Thursday, April 19, 2007

Technology

First off, I want to apologize to Brian. I don't have time to change the background now. I'll try to work on it in a bit, but I'm currently busy.

I found the word technology in a dictionary and it said that it was the practical application of knowledge especially in a particular area. So if we are learning that less is more, is a step backward a technological advance?

I taught a lab during my masters' program where we looked at ventilation. We used two different devices to measure some parameters concerning the lungs. One device was a large upside down bucket looking contraption that's rim was submerged in water. As you blew into the tube, air entered the bucket and and moved a pen along a scroll of paper that was moving at a known rate. From that you could figure out how powerfully a person could exhale. (Although I described this as a bucket, it was a calibrated piece of equipment designed for this purpose, probably 50+years ago.)

The second device used to measure forced exhalation was a hand held electric gizmo that you blew into and it spun a fan that was hooked to electrical components that could translate the spinning of the fan into an exhalation rate. In the lab reports that I graded, most students said that the electronic gizmo was better because it was more precise because it gave a digital readout.

I couldn't believe it. Every piece of data we collected as a class showed that the electric thing was more variable and less precise than the older contraption. Just because something is newer, or has a digital readout, does NOT make it better. I thought it was neat how the archaic contraption could actually collect the air I exhaled and I could see the mechanics of it moving. I did not understand the electronics and it didn't work as well. I think a move to the archaic system would be a step in the right direction.

Writing papers for classes, professors often require that the papers be published in the last 10 years. Why? Was science different 15 or 50 years ago? Most scientific findings are the same as they were 50 years ago. We still use a lot of information from Galileo and other scientists from centuries ago.
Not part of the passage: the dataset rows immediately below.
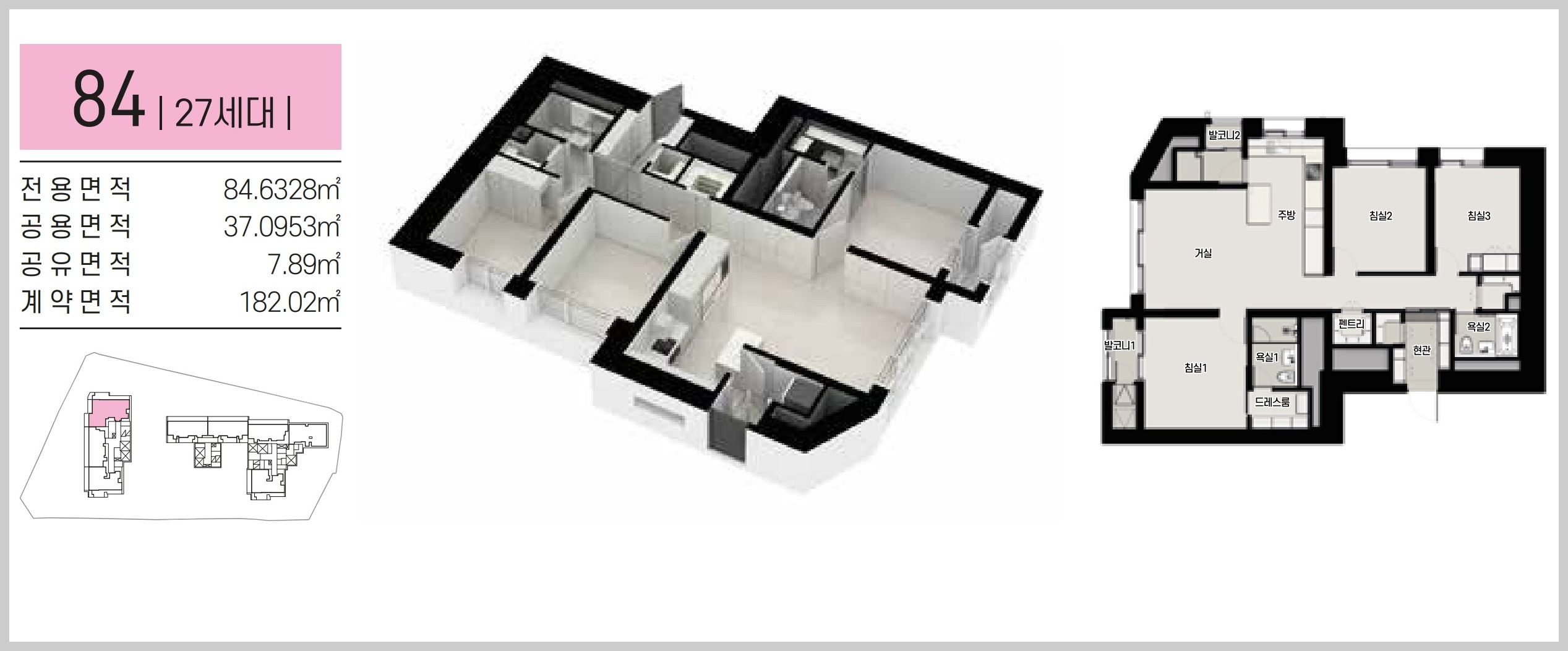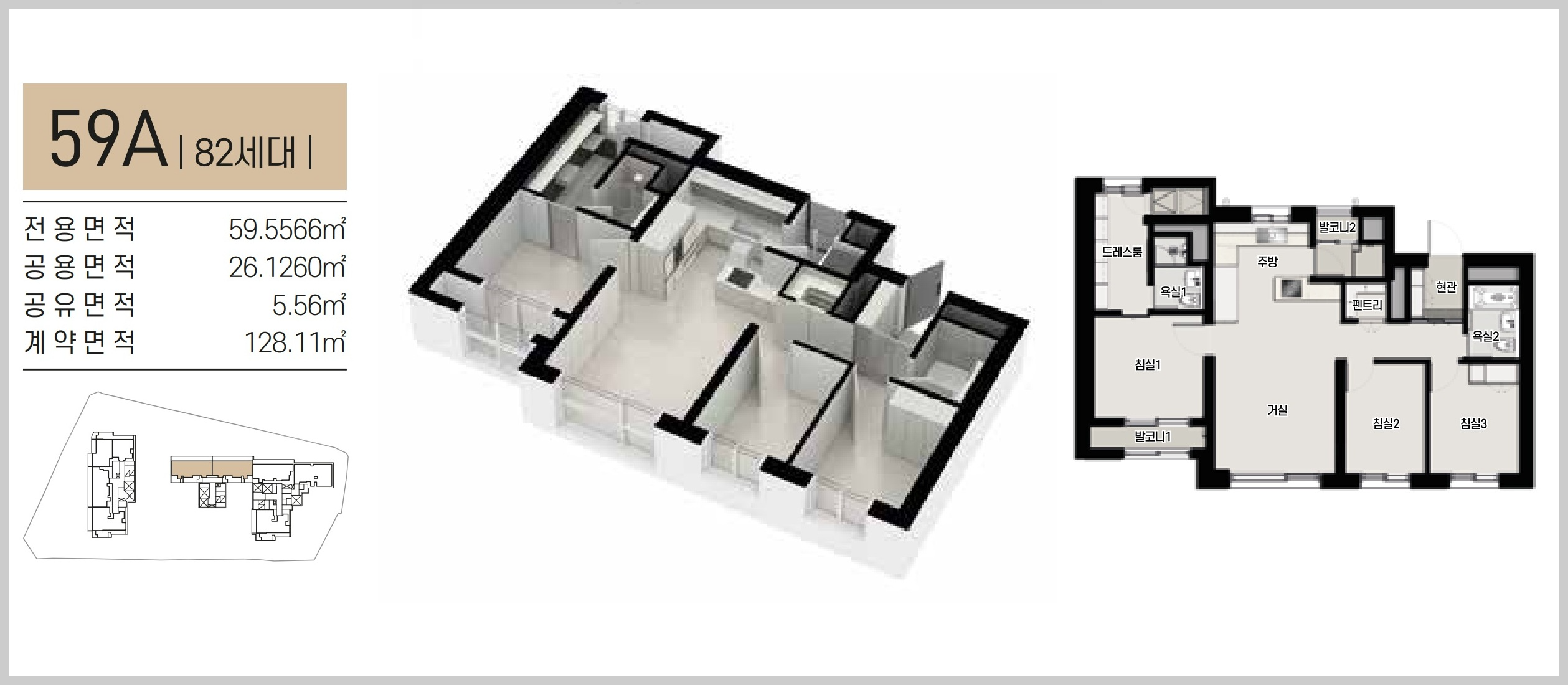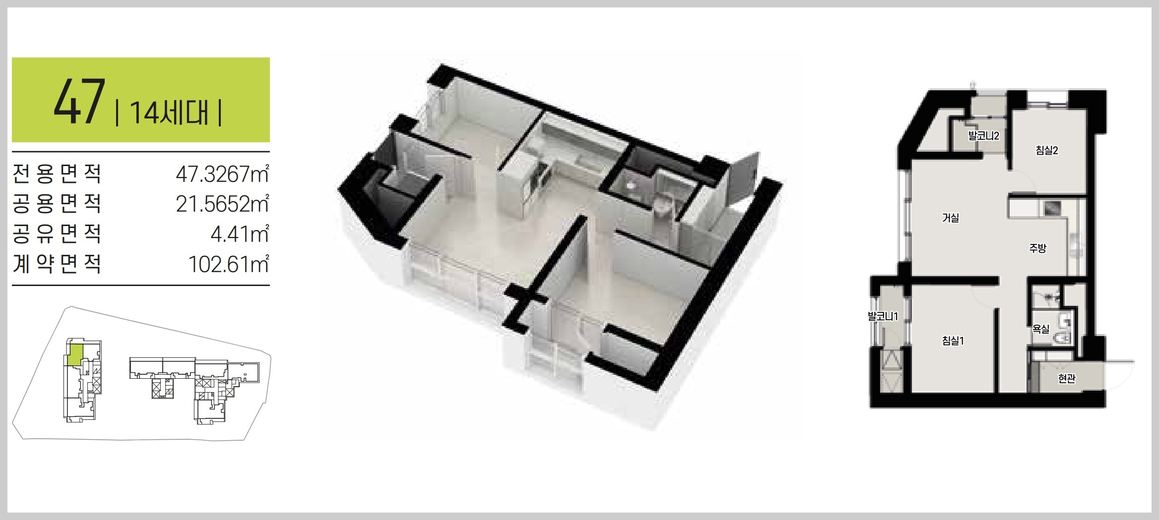 전용면적은 44, 47, 59, 84㎡ 등 중소형 실속 평형 위주이며, 생활가전이 풀옵션으로 제공됩니다.
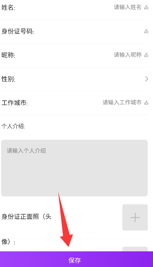4、填写姓名身份证号码和性别上传头像点击保存。
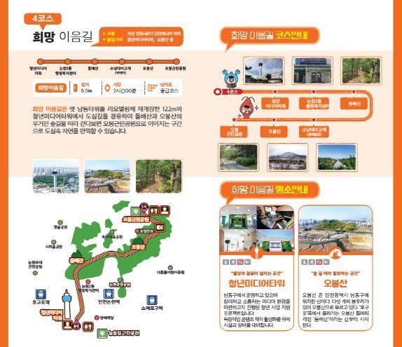 남동구 관계자는 “앞으로도 남동둘레길을 이용하는 구민들이 보다 편리하게 이용할 수 있도록 불편 사항을 지속적으로 개선해 나갈 예정”이라고 밝혔다.
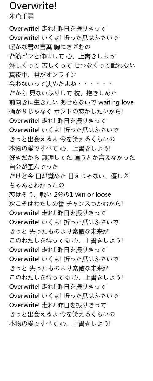 | Overwrite! いくよ! 折った爪はふさいで | |

Newer is not better.

I am not against technological advancements. Development is good, but we need to look around and make sure that what we had before isn't better than what we have developed. Is a car really better than a horse and buggy? Is processed food really better than whole foods? Is windows Vista better than DOS? Is high definition television better than B&W? Is television better than imaginative play and meaningful conversation?

The world is a complicated place, why don't we make a technological move toward simplicity.

2 comments:

Bri-onic Man said...

Hey, no problem. I don't have a blog to call my own and really have no idea if altering the page sidebar color is time-consuming or not.
To me, there's good technology and there's bad technology. It sounds like the electronic exhalation gizmo is bad technology. Likewise, my PDA is lately falling into the bad technology category too. Good technology easily does what you want it to do and it's reliable. Bad technology wants to be thrown at the wall (which is how I feel about my PDA/phone much of the time).

Anonymous said...

I hear yah! The biggest technological advances that effect me from day to day are annoyances because they seem to move us backward in progress. For instance, hi-fi stereo systems sound better than digital, true analog sounds better than MP3's and CD's, and old clunker cars are safer than the new fiberglass light weights.